### [Task input]
=== Begin Enclosure ===

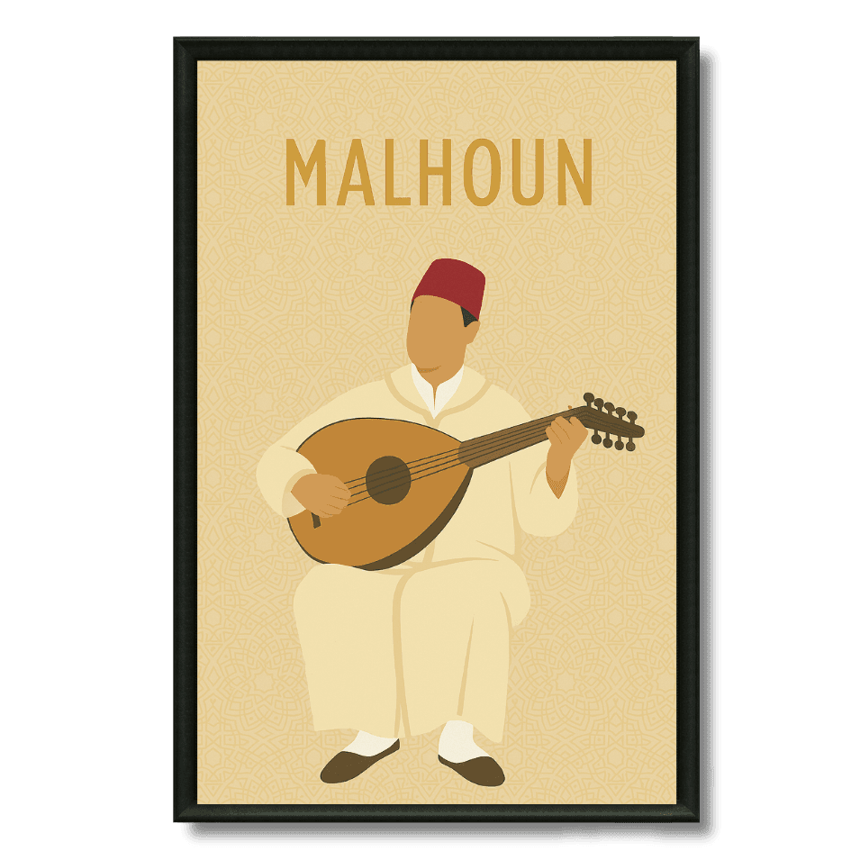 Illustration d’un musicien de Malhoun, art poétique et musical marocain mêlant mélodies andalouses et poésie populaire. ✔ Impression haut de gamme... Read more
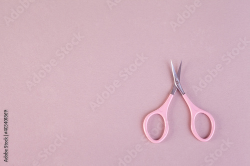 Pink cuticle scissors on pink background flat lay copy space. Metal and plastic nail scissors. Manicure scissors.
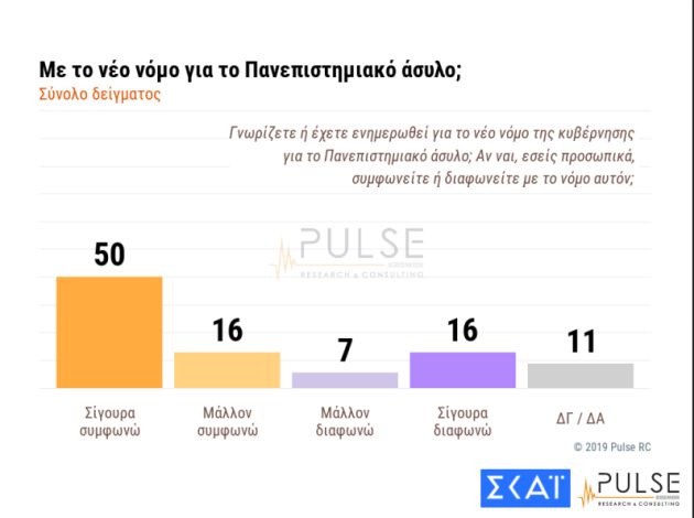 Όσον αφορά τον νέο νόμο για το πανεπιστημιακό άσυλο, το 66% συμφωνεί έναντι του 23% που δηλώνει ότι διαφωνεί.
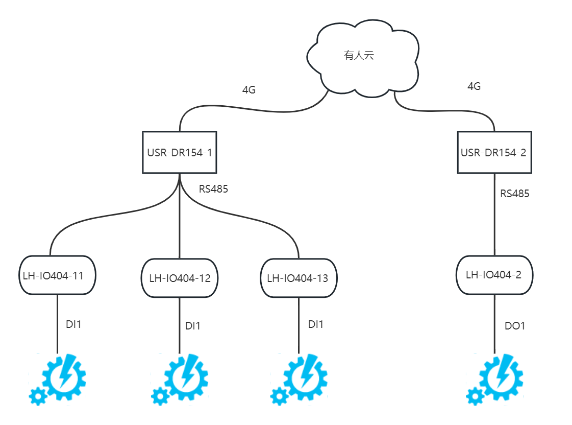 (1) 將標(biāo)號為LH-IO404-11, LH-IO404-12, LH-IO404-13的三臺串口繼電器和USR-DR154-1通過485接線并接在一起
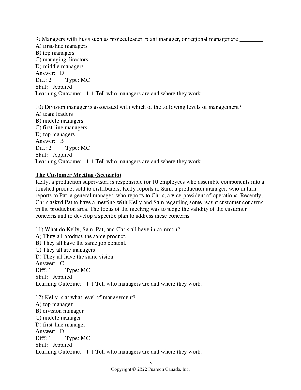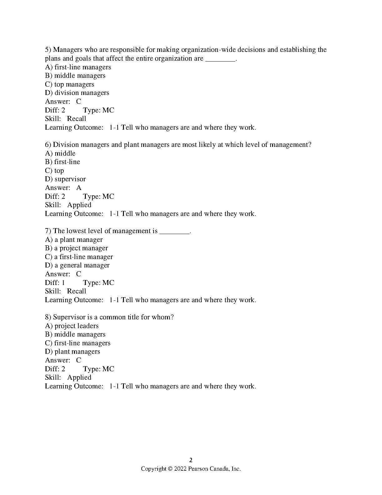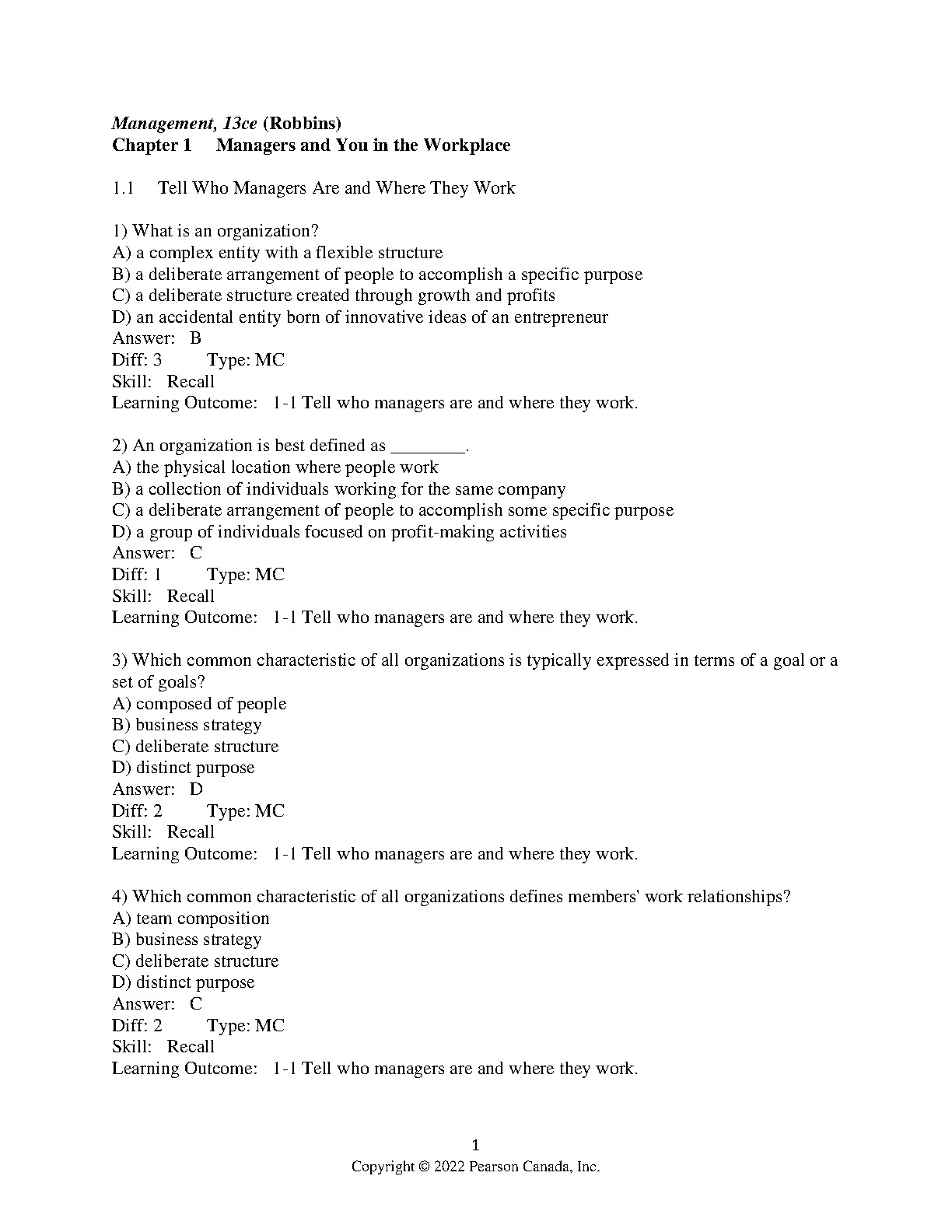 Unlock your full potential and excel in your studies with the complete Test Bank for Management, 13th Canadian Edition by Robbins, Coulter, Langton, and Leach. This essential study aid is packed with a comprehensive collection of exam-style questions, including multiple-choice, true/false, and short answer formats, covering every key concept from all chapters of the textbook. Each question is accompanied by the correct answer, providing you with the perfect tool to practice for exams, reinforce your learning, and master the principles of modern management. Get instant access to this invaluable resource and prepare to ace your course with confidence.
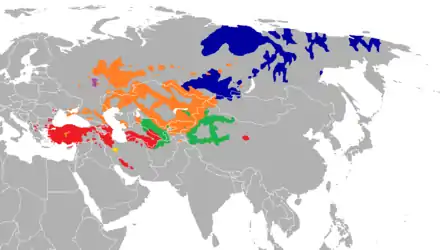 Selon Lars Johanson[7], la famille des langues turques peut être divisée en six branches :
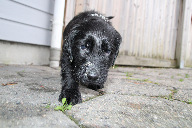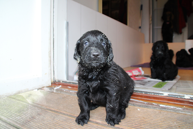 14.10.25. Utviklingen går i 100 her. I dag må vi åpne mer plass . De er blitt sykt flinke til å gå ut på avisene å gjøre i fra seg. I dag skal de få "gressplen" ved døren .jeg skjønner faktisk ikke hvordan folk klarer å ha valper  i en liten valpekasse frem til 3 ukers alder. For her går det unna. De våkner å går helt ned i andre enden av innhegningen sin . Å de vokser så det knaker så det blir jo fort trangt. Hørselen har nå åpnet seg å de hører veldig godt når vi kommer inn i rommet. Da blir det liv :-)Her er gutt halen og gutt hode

=== End Enclosure ===
=== Begin Enclosure ===

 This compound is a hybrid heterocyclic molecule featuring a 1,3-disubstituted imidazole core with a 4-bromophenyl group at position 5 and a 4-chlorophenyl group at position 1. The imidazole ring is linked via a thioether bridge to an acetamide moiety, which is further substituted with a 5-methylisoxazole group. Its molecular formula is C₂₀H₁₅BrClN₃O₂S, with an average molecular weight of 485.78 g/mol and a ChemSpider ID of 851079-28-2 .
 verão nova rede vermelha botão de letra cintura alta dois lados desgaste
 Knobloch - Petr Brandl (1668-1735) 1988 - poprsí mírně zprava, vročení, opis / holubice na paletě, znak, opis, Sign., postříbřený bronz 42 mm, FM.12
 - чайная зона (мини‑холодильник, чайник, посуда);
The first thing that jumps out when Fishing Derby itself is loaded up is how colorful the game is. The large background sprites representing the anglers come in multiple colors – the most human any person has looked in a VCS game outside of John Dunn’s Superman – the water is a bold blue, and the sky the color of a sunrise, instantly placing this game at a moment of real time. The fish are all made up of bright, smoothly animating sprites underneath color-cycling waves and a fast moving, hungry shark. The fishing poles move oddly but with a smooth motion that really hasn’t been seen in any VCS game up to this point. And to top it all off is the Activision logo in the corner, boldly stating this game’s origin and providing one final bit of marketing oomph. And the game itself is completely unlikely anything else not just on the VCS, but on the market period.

=== End Enclosure ===
=== Begin Enclosure ===

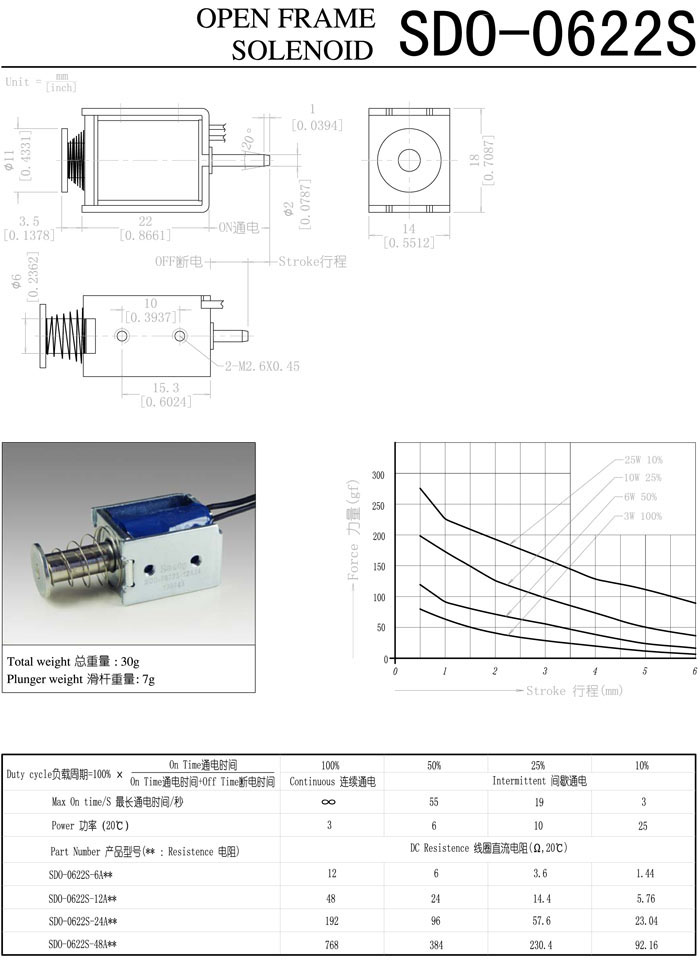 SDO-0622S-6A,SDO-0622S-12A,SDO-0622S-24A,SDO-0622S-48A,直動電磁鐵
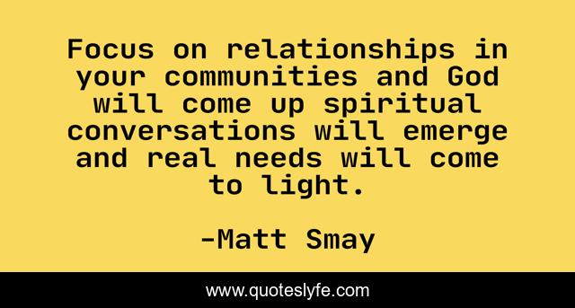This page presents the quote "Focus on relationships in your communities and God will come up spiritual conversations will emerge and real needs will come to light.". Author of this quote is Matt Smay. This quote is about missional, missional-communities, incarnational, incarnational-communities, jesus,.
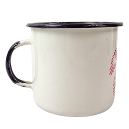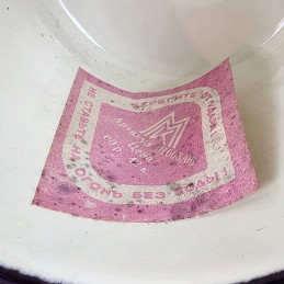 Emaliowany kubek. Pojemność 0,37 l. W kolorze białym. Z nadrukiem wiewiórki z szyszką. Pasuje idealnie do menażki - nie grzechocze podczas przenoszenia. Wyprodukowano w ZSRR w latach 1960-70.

=== End Enclosure ===

Copy out each line of the data above, exactly, if it lies between the line holding "- чайная зона" and the line holding "The first thing", inclusive; copy no other line.

 - чайная зона (мини‑холодильник, чайник, посуда);
The first thing that jumps out when Fishing Derby itself is loaded up is how colorful the game is. The large background sprites representing the anglers come in multiple colors – the most human any person has looked in a VCS game outside of John Dunn’s Superman – the water is a bold blue, and the sky the color of a sunrise, instantly placing this game at a moment of real time. The fish are all made up of bright, smoothly animating sprites underneath color-cycling waves and a fast moving, hungry shark. The fishing poles move oddly but with a smooth motion that really hasn’t been seen in any VCS game up to this point. And to top it all off is the Activision logo in the corner, boldly stating this game’s origin and providing one final bit of marketing oomph. And the game itself is completely unlikely anything else not just on the VCS, but on the market period.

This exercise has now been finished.